For instance, Zenk cites Kenoyer remembering a death in the family in which Catholic priest Father Adrien-Joseph Croquet and the Tualatin Tamanawas doctor Shumkhi both appeared.

Kenoyer recalls the event in the book’s second chapter:

“Then they sat in the house.

“One man, a half-woman named Shumkhi, a great Tamanawas doctor, her power was dead-people (Tamanawas).

“Then she ‘threw’ her song.

“She took five bundles of pitch sticks.

“She took one pitch bundle.

“Then she lit it.

“Then she shook it everywhere in the house.

“She drove away the dead person’s spirit-breath.”

Kenoyer and his younger sister were the only children out of perhaps 10 who reached adulthood.
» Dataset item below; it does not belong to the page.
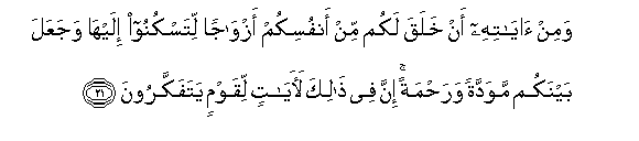 na nafsi zenu ili mpate utulivu kwao. Naye amejaalia mapenzi na huruma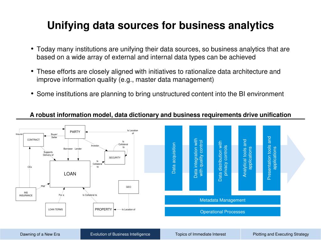 Data acquisition Data integration withwith quality control Analytical tools and applications Presentation tools andapplications Data distribution with privacy controls Metadata Management Operational Processes Unifying data sources for business analytics • Today many institutions are unifying their data sources, so business analytics that are based on a wide array of external and internal data types can be achieved • These efforts are closely aligned with initiatives to rationalize data architecture and improve information quality (e.g., master data management) • Some institutions are planning to bring unstructured content into the BI environment A robust information model, data dictionary and business requirements drive unification Evolution of Business Intelligence Topics of Immediate Interest Plotting and Executing Strategy Dawning of a New Era

He moved away from Grand Ronde and boarded at Chemawa Indian School in Salem around the time his father died and eventually received an allotment in Grand Ronde in 1891.

He had two families in Grand Ronde. He had two boys and two stepchildren, all of whom died young. Sometime before 1914, he left Grand Ronde after the death of his second wife, ending up at the Yakama Reservation in Washington state.

He died, taking an indigenous language with him, on Jan. 16, 1937, at the town of Harrah, Yakama Reservation, from influenza.

Zenk said during the summit that the lack of knowledge about Kenoyer’s adulthood leaves him a “man of mystery.” “We don’t have much on Kenoyer … the man,” he said.

However, Kenoyer the Reservation child has been preserved, Beckham said in the book’s foreword.

“The autobiography of Louis Kenoyer is in a class of its own,” writes Beckham, Pamplin professor of History-emeritus at Lewis & Clark College. “It is one of the rare first-person narratives by a Native American discussing life on an Oregon Reservation. This volume rescues from obscurity the story of his life, conditions on the Grand Ronde Reservation, and, for the first time, completes the translation of his narrative from the Tualatin dialect of Northern Kalapuya into English.

“It is Kenoyer’s story recounted in the traditional narrative style of the Tualatin speakers of the northern Willamette Valley. The account covers the 1870s to the 1880s and provides a heretofore unavailable record of the forced acculturation and transformation of Oregon Indians from their traditional fishing, hunting and gathering cultures into sedentary agrarians speaking English and worshipping the deity of their conquerors.”